I'm too tired to feel shame
Caption: I want my underpants back. Tuesday Amazon delivery. Blue boxers.
Won't fit you; I'm tiny. No questions asked.
Thursday my massage therapist was out sick, so I had a day to go splat and see a friend. Friday Nurse called about the Enbrel denial and I took a last minute trip into the office for a TB test. It's required before Enbrel can be approved and this way we're on top of it. I stopped into the records dept and signed a waiver to get copies of whatever SSDI-relevant stuff is in my chart from 1996-98. Fingers crossed there's anything at all. After all that I crashed.

Things are looking up because on Friday I'm heading to Hawaii for a week 😁 Warm and sunny sound perfect right now. There the air kissing your cheek smells like flowers.

PS: Amazon refunded my purchase and replacement boxers arrived today.

December 31, 2017

2017 Turdnado

Hello from this last day of 2017. My brain is doing the fun thing of reflecting on all the disappointments of the past year. There were some positive moments, for sure, but generally it was a downhill slog. The thing I feared happened: most of the gains I'd worked for evaporated as my health deteriorated. Plus our collective psyche has been damaged by the toxic political climate, hitting all of us in very personal ways.

I try not to focus on the strength that allowed me to persevere. It's a mixed blessing, and one that makes me appear more independent and less alone than I am. The losses of this year hit me hard--lost health, lost friendships, lost long-term relationship--and adding them to my life-long grief list doesn't feel good at all. I'm not sorry to be alive and sane, don't get me wrong, but life is still tremendously difficult.
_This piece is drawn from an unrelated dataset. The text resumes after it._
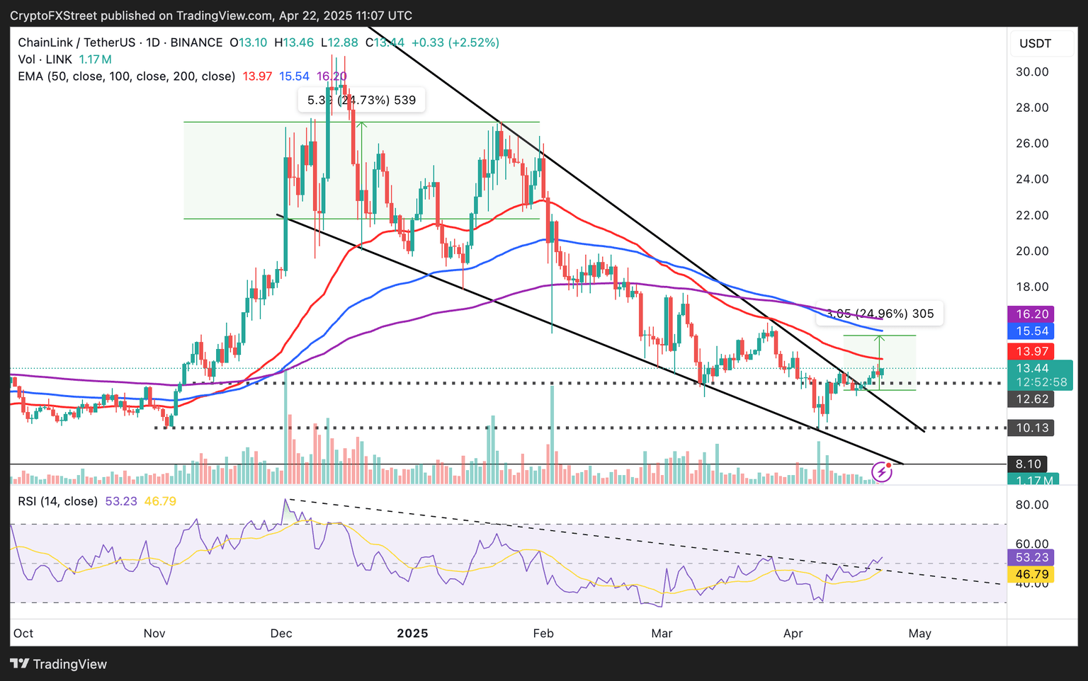 Chainlink (LINK) price increases almost 3% on Tuesday to exchange hands at $13.47 at the time of writing. The oracle token, which has recovered 31% from $10.13 – the lowest year-to-date price seen on April 7 –, looks set to uphold its recent uptrend amid rising exchange outflows and a favourable technical setup. Still, the path beyond the $14 level looks more complicated due to the presence of strong resistance clusters.

Practicing good self care helped, though. I finished and wore the Water breakup shawl last week: it's very soft and cozy. I'm unabashedly my own weird self. And friends online and in person are the joy in my life.

Water posed on my Christmas tree
Top left: April's Peepicide; Top right: brownies for Sweetie
Bottom left: Xmas tree; Bottom right: my new hat!

Instead of looking back I'm focusing on Jan 5th's Awesome Rheumy appt. The thought of her examining my hands makes me want to cry, but at least my symptoms are visible? I have no idea what the next step will be. Brain in a jar is sounding pretty good right now but she probably has a couple ideas before we take that step ;) Being able to walk, think, sleep soundly, and socialize are my giant unspoken goals.

If this post sounds conflicted...well that's because I am! Teetering between optimism and realism, trying to hope for the best while bracing for the worst, living in the moment unless that moment is miserable in which case distract-distract-distract, and questioning the meaning of it all: that's me summed up in one terrible run-on sentence.

May we all have a better 2018. May love win.